🤖 AI Summary
To address catastrophic forgetting and overfitting in few-shot class-incremental learning (FSCIL) with vision transformers (ViTs), this paper proposes a parameter-efficient paradigm: freezing the pre-trained ViT backbone and injecting learnable additive attention biases exclusively into the multi-head self-attention layers. This approach updates fewer than 0.5% of the model parameters while enabling precise adaptation to novel classes from few examples, without compromising knowledge retention on base classes. Evaluated on standard benchmarks—including CIFAR-100 and ImageNet-100—the method achieves state-of-the-art performance, improving average accuracy by 3.2% and reducing forgetting rate by 41% compared to existing FSCIL approaches. The core contribution is the first introduction of structured attention bias injection into FSCIL, effectively balancing stability (against forgetting) and plasticity (for rapid adaptation). This design ensures both computational efficiency and robust incremental generalization.
📝 Abstract
Integrating new class information without losing previously acquired knowledge remains a central challenge in artificial intelligence, often referred to as catastrophic forgetting.
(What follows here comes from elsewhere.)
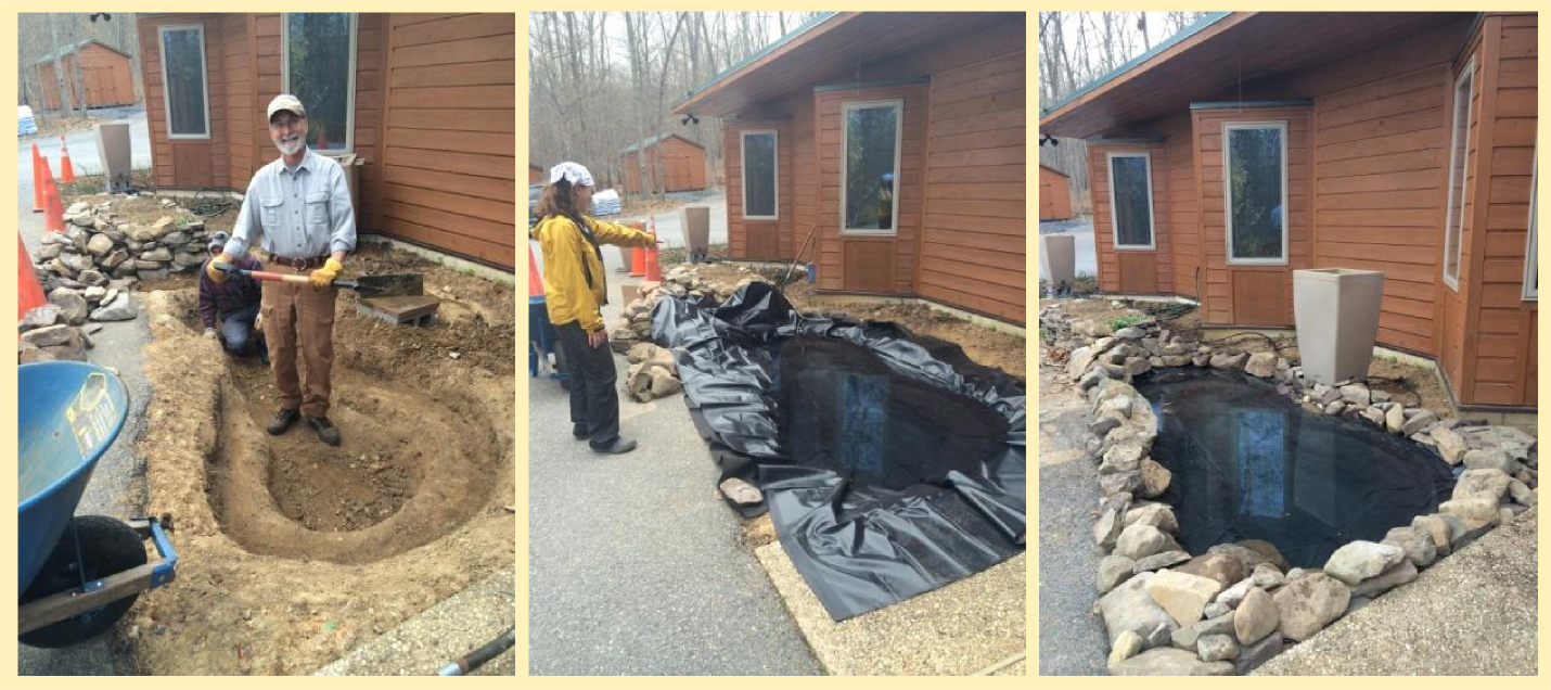 Series of photographs showing construction of the pond for the 2013-2014 HMN Focus Project, a new certified Wildlife Habitat at the Wildlife Center of Virginia in Waynesboro, Virginia
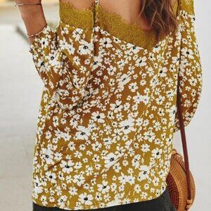 KEILY Yellow Floral Print Off-the-Shoulder blouse top Size XL NWT

Few-shot class incremental learning (FSCIL) addresses this by first training a model on a robust dataset of base classes and then incrementally adapting it in successive sessions using only a few labeled examples per novel class. However, this approach is prone to overfitting on the limited new data, which can compromise overall performance and exacerbate forgetting. In this work, we propose a simple yet effective novel FSCIL framework that leverages a frozen Vision Transformer (ViT) backbone augmented with parameter-efficient additive updates. Our approach freezes the pre-trained ViT parameters and selectively injects trainable weights into the self-attention modules via an additive update mechanism. This design updates only a small subset of parameters to accommodate new classes without sacrificing the representations learned during the base session. By fine-tuning a limited number of parameters, our method preserves the generalizable features in the frozen ViT while reducing the risk of overfitting. Furthermore, as most parameters remain fixed, the model avoids overwriting previously learned knowledge when small novel data batches are introduced. Extensive experiments on benchmark datasets demonstrate that our approach yields state-of-the-art performance compared to baseline FSCIL methods.